> [TASK STATEMENT] Exclude every picture. Output verbatim the lines from the one containing "春らしい和伊折衷の豪華メニュ" to the end of the data.

[PROVIDED MATERIAL Boundary: Start]

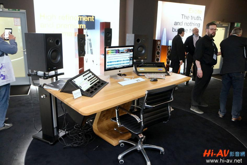 Dynaudio是極少數同時跨足專業錄音室、汽車音響與家用音響的喇叭品牌,展場就布置了一張錄音室工作桌,展示一對Dynaudio專業鑑聽喇叭來彰顯Dynaudio在專業錄音業界的影響力。展房另一側展示Dynaudio Focus XD與Xeo系列,還明白揭示數位、主動、高解析三個要素是音響系統的未來!
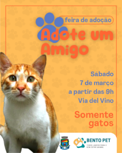 No sábado (07), será realizada na Via del Vino a edição do Bento Pet- adote um amigo, exclusiva para gatos....
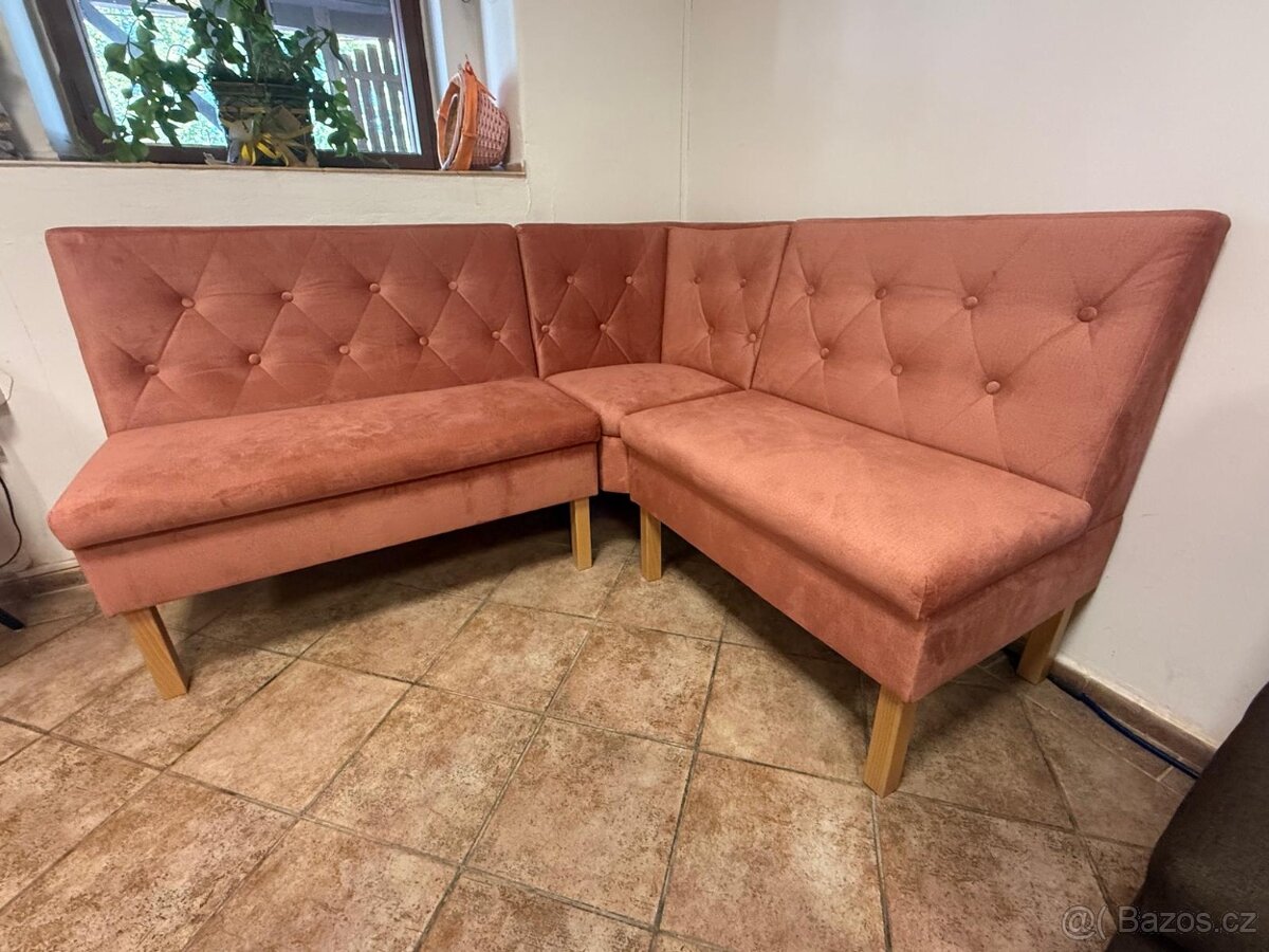 Roh je pravý a levý (variabilní) při montáži si můžete vybrat. Nábytek tvoří tři prvky, rohový blok a dvě boční lavice. Nohy jsou pevné z tvrdého bukového masivu hranol 4x4 cm se závitem. Korpus je z DTD desky.
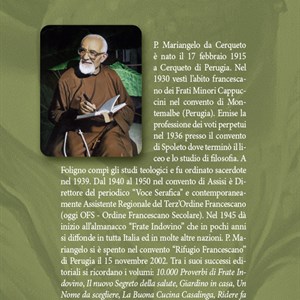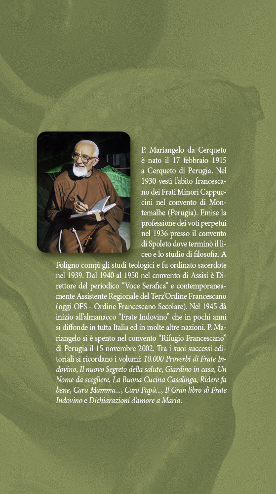 L’autore | Fra Mariangelo da Cerqueto (1915-2002), colui che ha fondato Frate Indovino, fu ordinato sacerdote nel 1939. Nel 1946 ha dato vita al celeberrimo Almanacco di Frate Indovino. Tra le sue pubblicazioni ricordiamo: 10.000 proverbi di Frate Indovino, Giardino in casa, Ridere fa bene, La buona cucina casalinga, ecc.
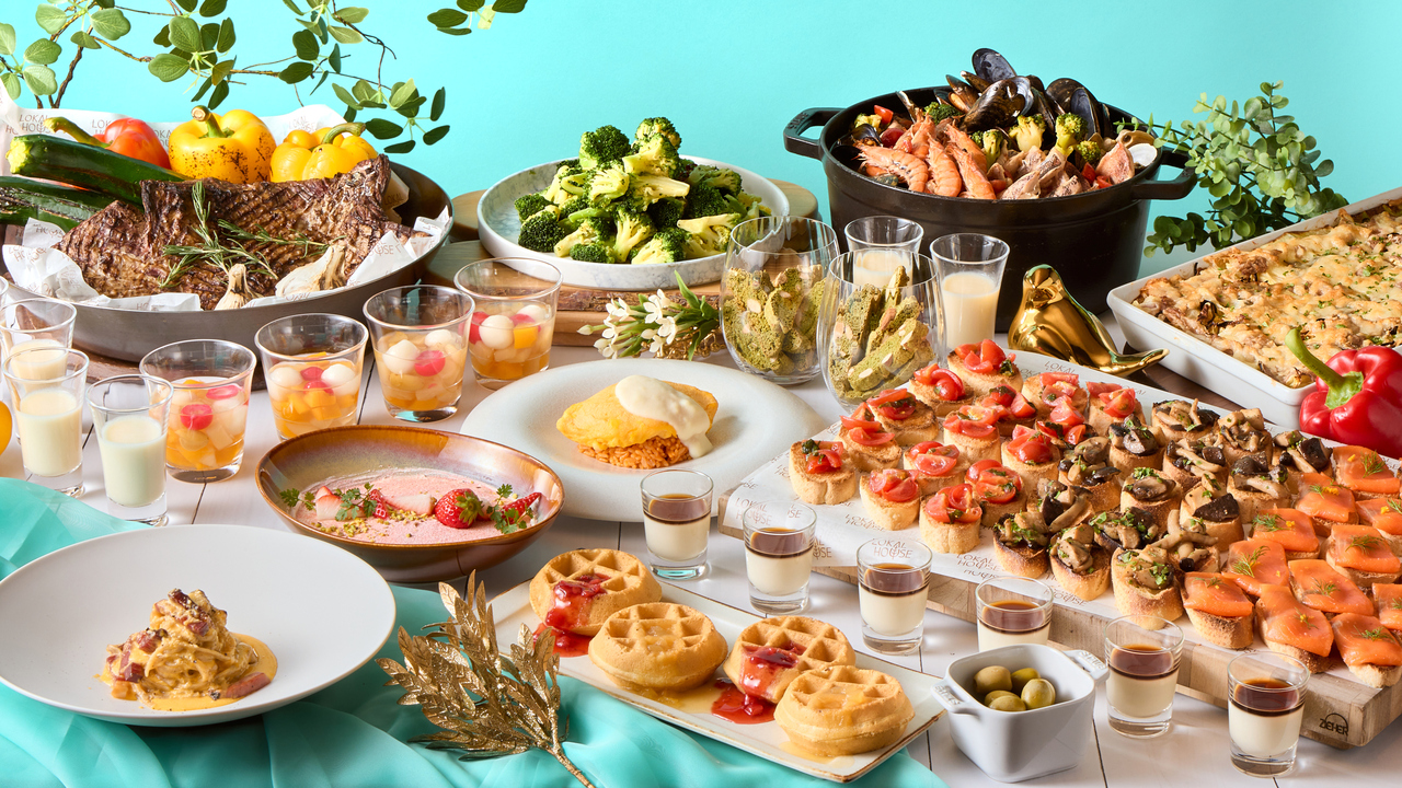 春らしい和伊折衷の豪華メニューや自分でトッピングができるカスタムピザ、更にお子様にも楽しんで頂けるチョコレートファウンテン等計32種の豊富なお料理をビュッフェスタイルでご用意💪✨
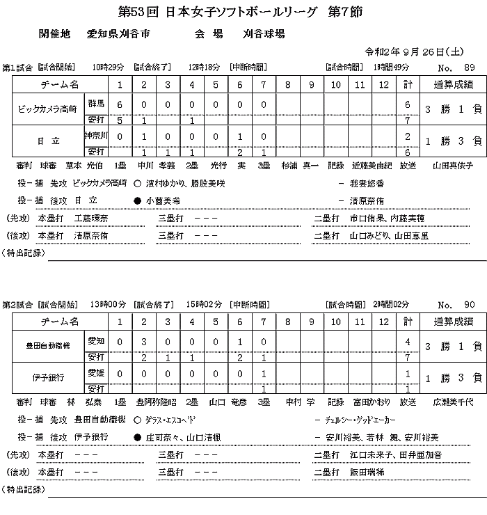 第53回 日本女子ソフトボールリーグ 1部 第7節
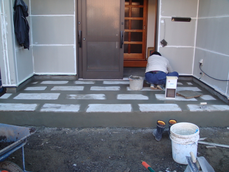 一箕町のI様邸では左官屋さんが玄関ポーチの仕上げをしてました![]()
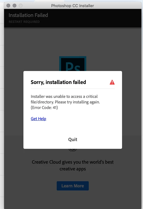 Unable to install Photoshop CC 2019 while running Mac OS Catalina 10.15.7
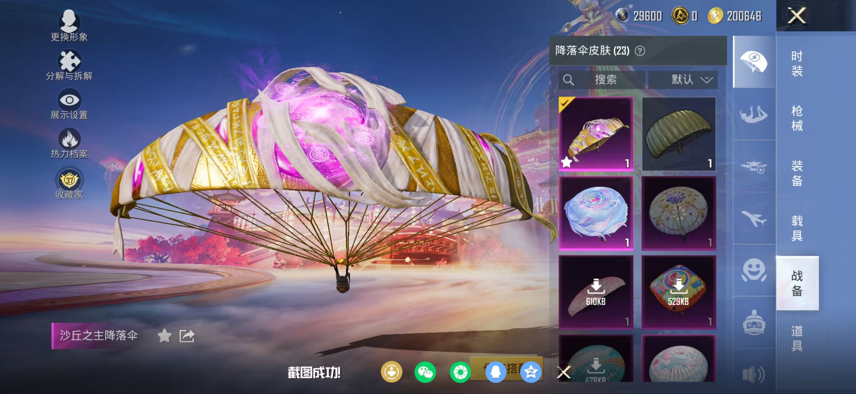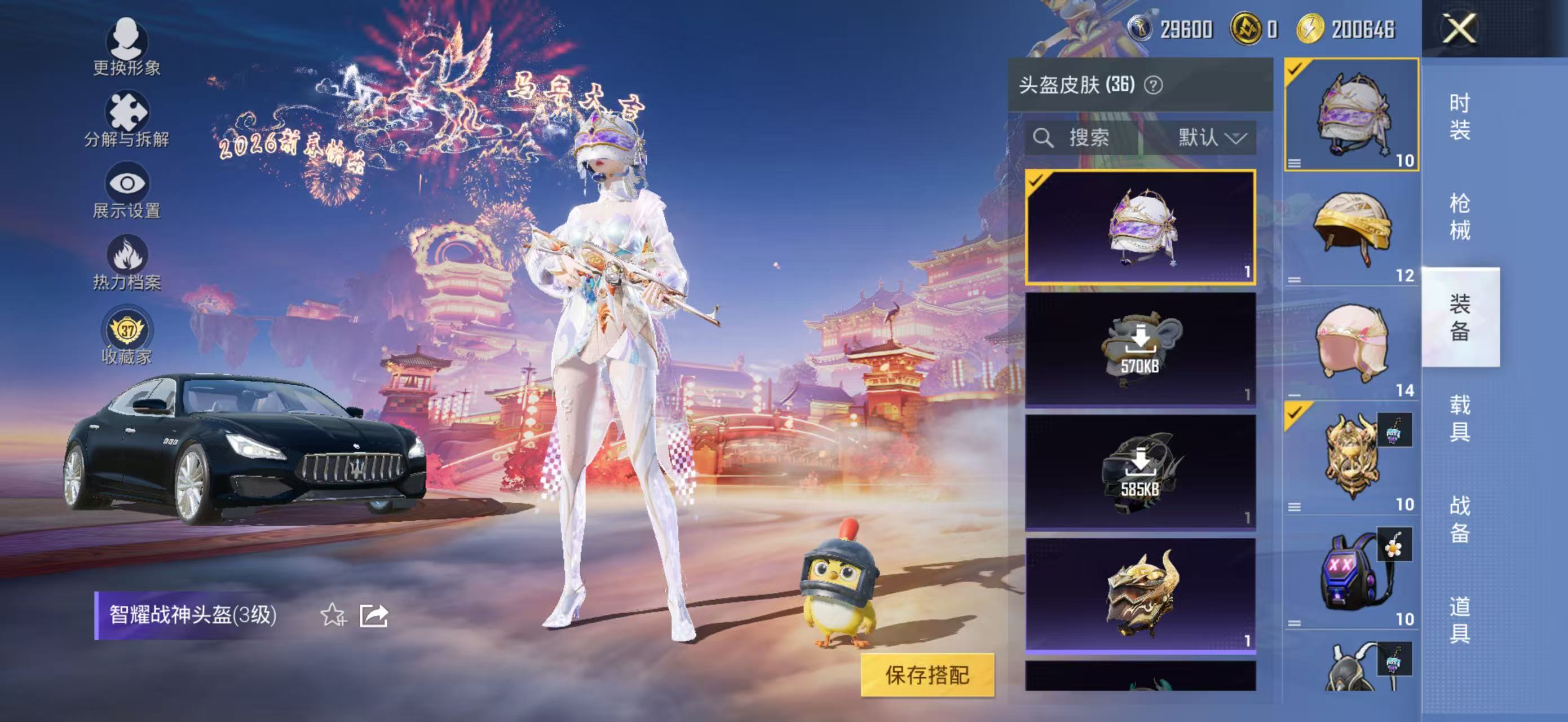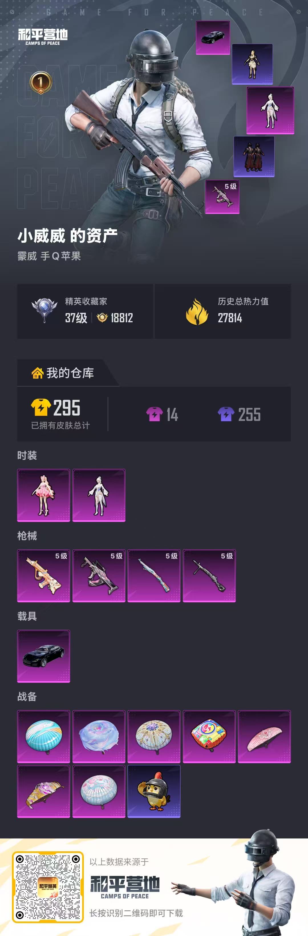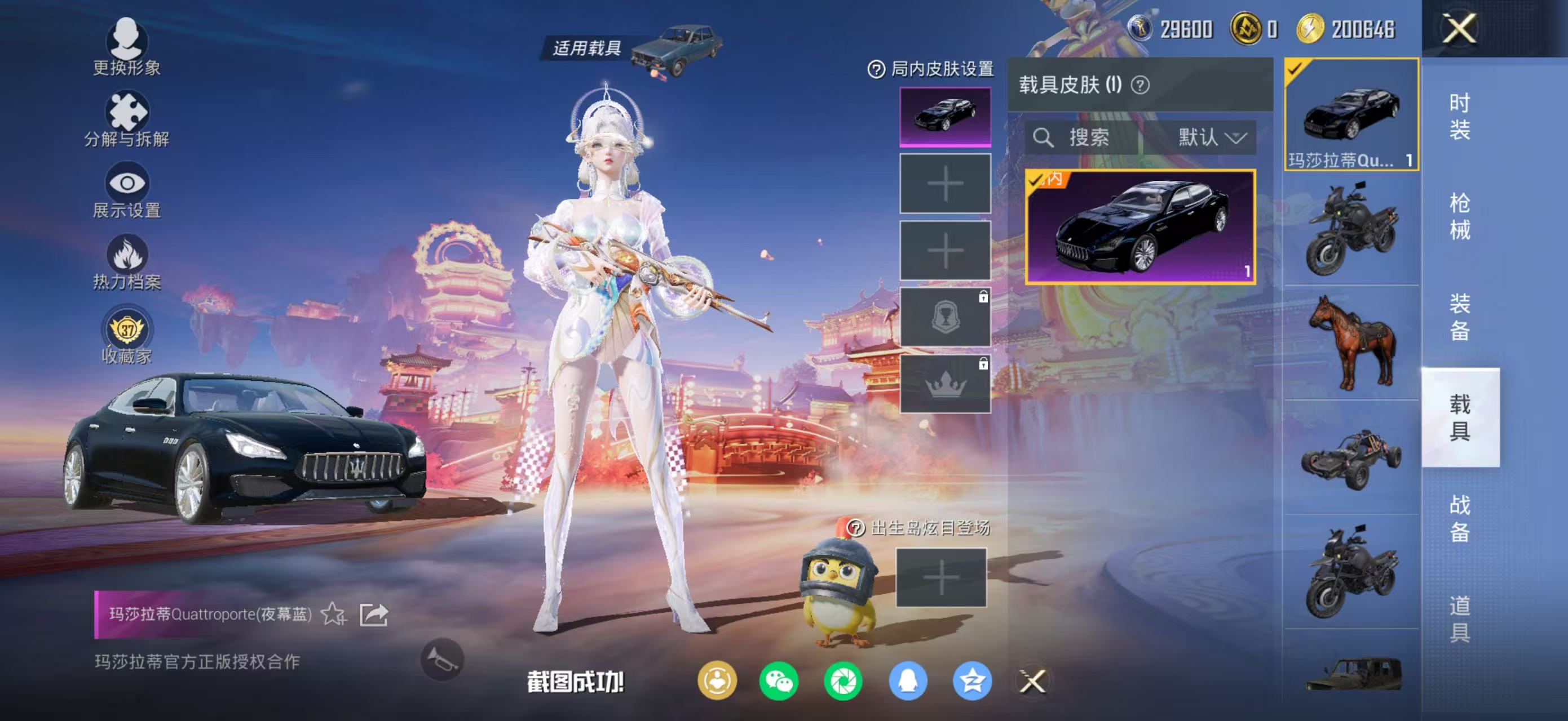 苹果Q区,一辆载具玛莎拉蒂,四把升级枪,两个粉装,一套身法衣很多降落伞详细自己看

[PROVIDED MATERIAL Boundary: End]

> [YOUR SOLUTION]
 春らしい和伊折衷の豪華メニューや自分でトッピングができるカスタムピザ、更にお子様にも楽しんで頂けるチョコレートファウンテン等計32種の豊富なお料理をビュッフェスタイルでご用意💪✨
 第53回 日本女子ソフトボールリーグ 1部 第7節
 一箕町のI様邸では左官屋さんが玄関ポーチの仕上げをしてました![]()
 Unable to install Photoshop CC 2019 while running Mac OS Catalina 10.15.7
 苹果Q区,一辆载具玛莎拉蒂,四把升级枪,两个粉装,一套身法衣很多降落伞详细自己看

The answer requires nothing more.